In [28]:
import numpy as np
import pandas as pd
from scipy.stats import norm
from sklearn.gaussian_process import GaussianProcessRegressor
from sklearn.gaussian_process.kernels import RBF, WhiteKernel, ConstantKernel as C


In [29]:
EPS = 1e-9  # numerical stability

def _expected_improvement(mu, sigma, y_best, xi=0.0):
    sigma_safe = sigma + EPS
    improvement = mu - y_best - xi
    z = improvement / sigma_safe
    ei = improvement * norm.cdf(z) + sigma_safe * norm.pdf(z)
    ei[sigma == 0.0] = 0.0
    return ei


In [30]:
def propose_next_experiment(
    X_train,
    y_train,
    bounds,
    n_candidates=1000,
    xi=0.0,
    random_state=None,
    return_all=False
):
    rng = np.random.default_rng(random_state)
    cols = list(bounds)
    d = len(cols)
    if X_train.shape[1] != d:
        raise ValueError("X_train dimension does not match number of bounds")

    # Step 1: Monte‑Carlo sampling in parameter space
    cand_mat = np.column_stack([
        rng.uniform(lo, hi, n_candidates) for lo, hi in bounds.values()
    ])
    cand_df = pd.DataFrame(cand_mat, columns=cols)
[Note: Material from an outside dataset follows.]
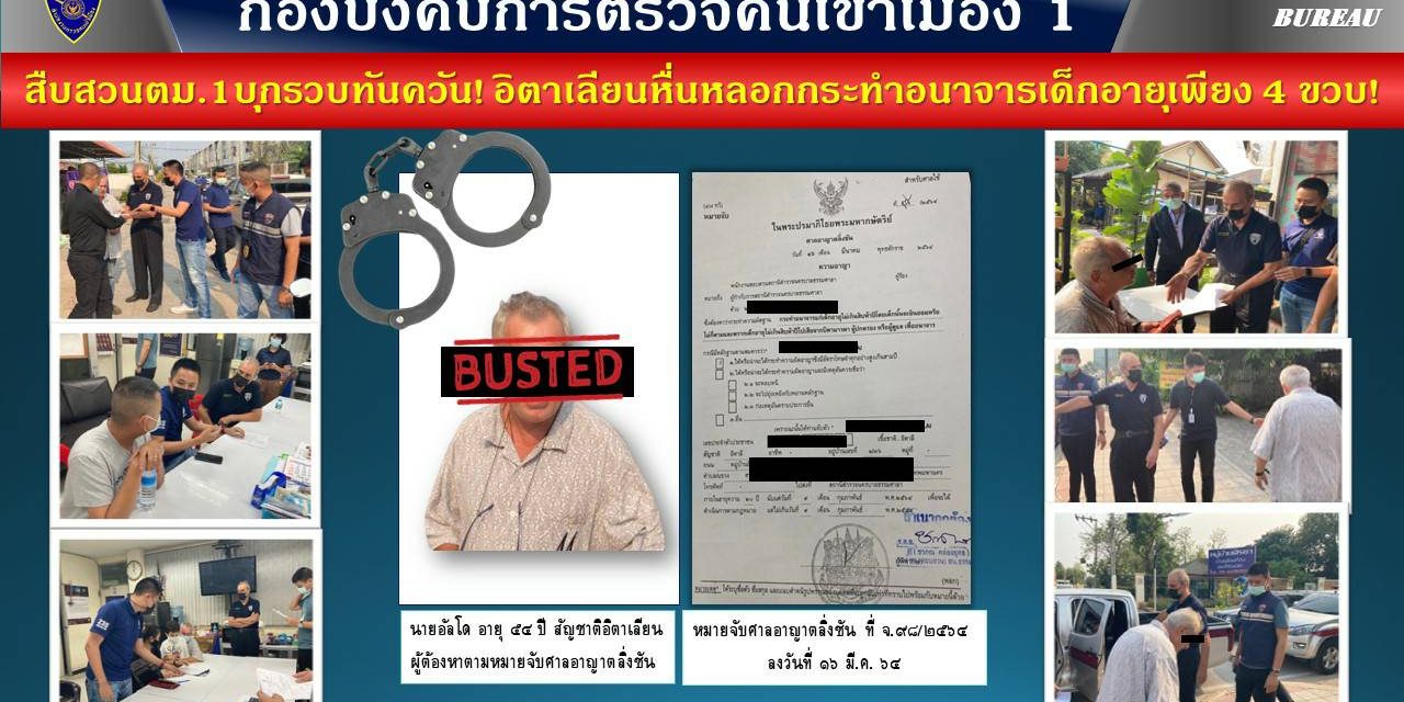 วันที่ 7 เม.ย.64 เวลา 10.30 น.ณ ห้องอเนกประสงค์ ชั้น 1 อาคาร 1 สตม. ซอยสวนพลู แขวงทุ่งมหาเมฆ เขตสาทร กทม. : พล.ต.ท.สมพงษ์ ชิงดวง ผบช.สตม. พร้อมด้วย พล.ต.ต.อาชยน ไกรทอง รอง ผบช.สตม.,พล.ต.ต.ปิติ นิธินนทเศรษฐ์ ผบก.ตม.1,พ.ต.อ.ยศเอก รักษาสุวรรณ รอง ผบก.ตม.1 และ พ.ต.อ.กีรติศักดิ์ ก้องเกียรติศิริ ผกก.สส.บก.ตม.1 พร้อมชุดสืบสวนฯ ร่วมแถลงข่าวการจับกุมคนร้าย ดังนี้ คือนายอัลโด (Aldo) อายุ 54 ปี สัญชาติอิตาเลียน ได้ออกอุบายชักชวน ด.ญ.เอฯ อายุ 4 ปี สัญชาติอเมริกัน ซึ่งเป็นเพื่อนของ ด.ช.แอลฯ บุตรชายของตน ไปรับประทานอาหารที่ร้านอาหารแห่งหนึ่งย่านศาลาธรรมสพน์ เขตทวีวัฒนา กรุงเทพมหานคร

    # Step 2: Fit Gaussian Process surrogate
    kernel = (
        C(1.0, (1e-3, 1e3))
        * RBF(length_scale=np.ones(d), length_scale_bounds=(1e-2, 1e2))
        + WhiteKernel(noise_level=1e-6, noise_level_bounds=(1e-10, 1e-2))
    )
    gp = GaussianProcessRegressor(
    kernel=kernel,
    n_restarts_optimizer=5,
    alpha=0.0,
    normalize_y=True,
    random_state=42,  
)
    gp.fit(X_train, y_train)
    
    mu, sigma = gp.predict(cand_mat, return_std=True)
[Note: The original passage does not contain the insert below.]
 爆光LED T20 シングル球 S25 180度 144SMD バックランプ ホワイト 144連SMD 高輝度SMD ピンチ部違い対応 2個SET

    # Step 3: Calculate Expected Improvement (EI)
    y_best = y_train.max()
    ei = _expected_improvement(mu, sigma, y_best, xi=xi)
    best_idx = np.argmax(ei)

    best_params = cand_df.iloc[best_idx].to_dict()
    best_ei = ei[best_idx]

    if return_all:
        cand_df = cand_df.assign(mu=mu, sigma=sigma, EI=ei)
        return cand_df, best_params, best_ei
    return best_params, best_ei


In [None]:

df = pd.read_csv("data/aryltrifluoromethylation_cytosine.csv")


key_cols = [
    "Cytosine_Conc_(M)",
    "CF3SO2Na_loading_(equiv.)",
    "(NH4)2S2O8_loading_(equiv.)",
    "Residence_time_(min)",
    "Light_intensity_(W)",
]

# random select 10 rows as initial experiment data
rng = np.random.default_rng(42)
seed_idx = rng.choice(len(df), size=10, replace=False)

X_train = df.loc[seed_idx, key_cols].to_numpy()
y_train = df.loc[seed_idx, "Yield_(%)"].to_numpy() # when get the real y, replace y_train with the real y

# define the bounds of the parameter space
bounds = {c: (df[c].min(), df[c].max()) for c in key_cols}


In [36]:
# 推荐 x₁₁，并打印参数、mu、sigma、EI
cand_df, best_params, best_ei = propose_next_experiment(
    X_train, y_train, bounds, random_state=42, return_all=True
)

best_idx = cand_df['EI'].idxmax()
best_mu = cand_df.loc[best_idx, 'mu']
best_sigma = cand_df.loc[best_idx, 'sigma']

print("recommended next experiment (x₁₁):")
for k, v in best_params.items():
    print(f"{k:<35s}: {v:.4g}")
print(f"Predicted mean (mu): {best_mu:.4g}")
print(f"Predicted std dev (sigma): {best_sigma:.4g}")
print(f"Expected Improvement (EI): {best_ei:.4g}")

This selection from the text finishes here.